GitHub strategies

What is GitHub1, and what are GitHub strategies for Future Us?

GitHub is a powerful tool for collaborative coding with version control, but here and in our GitHub Clinic we are going to focus on some of its lesser-celebrated awesomeness. We’ll talk about GitHub for supporting, reusing, contributing, and failing safely, as well as GitHub for publication and project management. We will focus on how to use GitHub for collaboration and communication for science, and spend time with hands-on practice.

GitHub Clinic

Openscapes GitHub Clinic introduces GitHub with the motivation of collaboration and open science. It is designed for both new and seasoned learners, focused on how to develop workflows with diverse teams.

Slides
Video recordings

Part 1: Publishing, recorded as 19 minutes of lesson, cut for participants hands-on in breakout rooms, and 5 minutes of followup lesson.

Part 2: Project Management, recorded as 9 minutes of lesson, cut for participants hands-on in breakout rooms, and 5 minutes of followup lesson.

Part 3: 2i2c JupyterHub, introduces a beginning GitHub workflow from our 2i2c JupyterHub (part of NASA-Openscapes). It is recorded as 9 minutes of lesson.

GitHub for supporting, reusing, contributing, and failing safely

This introduction was developed with Allison Horst in the GitHub Illustrated Series (Horst & Lowndes 2022):

When we talk about managing projects to help us contribute, reuse, collaborate, and fail safely, we are talking about GitHub. We mean using modern collaborative software designed to organize otherwise unwieldy interrelated files and to track changes by potentially different people through time – something that is for everyone, whether or not we identify as “coders”. People do use GitHub for code- and data-intensive projects, but we are not limited to that use. GitHub is a powerful approach for any project that we want to organize and communicate about; it’s a way we can be open with ourselves and our teams, and also work more publicly as we feel comfortable.

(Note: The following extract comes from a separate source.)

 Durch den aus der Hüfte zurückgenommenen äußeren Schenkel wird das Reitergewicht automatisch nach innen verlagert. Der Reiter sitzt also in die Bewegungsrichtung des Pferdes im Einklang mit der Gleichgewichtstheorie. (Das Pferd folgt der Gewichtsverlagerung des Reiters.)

So let’s talk about why GitHub is so empowering for our project-oriented and collaborative lives.

A row of 6 cute smiling monsters celebrating using GitHub. The first, wearing a climbing harness labeled "Me" is high-fiving another whose harness says "Future Me". Others hold a box of snacks (tacos!), a map, a rope. Text above the monsters quotes Jenny Bryan: \"Collaboration is the most compelling reason to manage a project with Git and GitHub. My definition of collaboration includes hands-on participation by multiple people, including your past and future self, as well as an asymmetric model, in which some people are active makers and others only read or review

See the GitHub Illustrated Series (Horst & Lowndes 2022) for the full series!

Growth Mindset

When we teach GitHub, we find it’s useful to say explicitly that we should go in with a Growth Mindset - the idea that we don’t know something yet but we are able to learn. Growth Mindset is work by Dr. Carol Dweck - see her book, TED Talk (10 min); illustrated video (2 min).

As part of this, we like how Jenny Bryan (Code Smells and Feels) thinks about this - that your tastes develops faster than your abilities.

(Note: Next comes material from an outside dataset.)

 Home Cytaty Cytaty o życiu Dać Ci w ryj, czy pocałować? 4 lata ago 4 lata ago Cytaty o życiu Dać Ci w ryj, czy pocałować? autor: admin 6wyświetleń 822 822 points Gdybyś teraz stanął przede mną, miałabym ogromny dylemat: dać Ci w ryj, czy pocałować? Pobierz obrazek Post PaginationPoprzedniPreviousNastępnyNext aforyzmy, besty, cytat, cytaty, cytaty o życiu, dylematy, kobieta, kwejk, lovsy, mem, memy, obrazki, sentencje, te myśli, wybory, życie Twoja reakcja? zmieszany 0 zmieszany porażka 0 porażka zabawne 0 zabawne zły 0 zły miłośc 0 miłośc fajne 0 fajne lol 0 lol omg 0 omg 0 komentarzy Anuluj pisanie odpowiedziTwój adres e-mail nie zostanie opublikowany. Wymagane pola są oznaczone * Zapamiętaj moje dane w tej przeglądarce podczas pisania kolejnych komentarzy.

Slide from Jenny Bryan (Code Smells and Feels)

GitHub for research groups

As you get a better hands-on sense of GitHub’s capabilities, you’ll be thinking about how to get organized and use this for your own research group.

Organizations

Here are two examples of GitHub Organizations created as part of Openscapes Champions Cohorts where the content is now developed and maintained to support a broader range of researchers.

Many Champions teams create GitHub Organizations for their research group. This is a way for all the work that happens in the research group to be organized in one place, but also clearly attributed and credited by each user who contributes.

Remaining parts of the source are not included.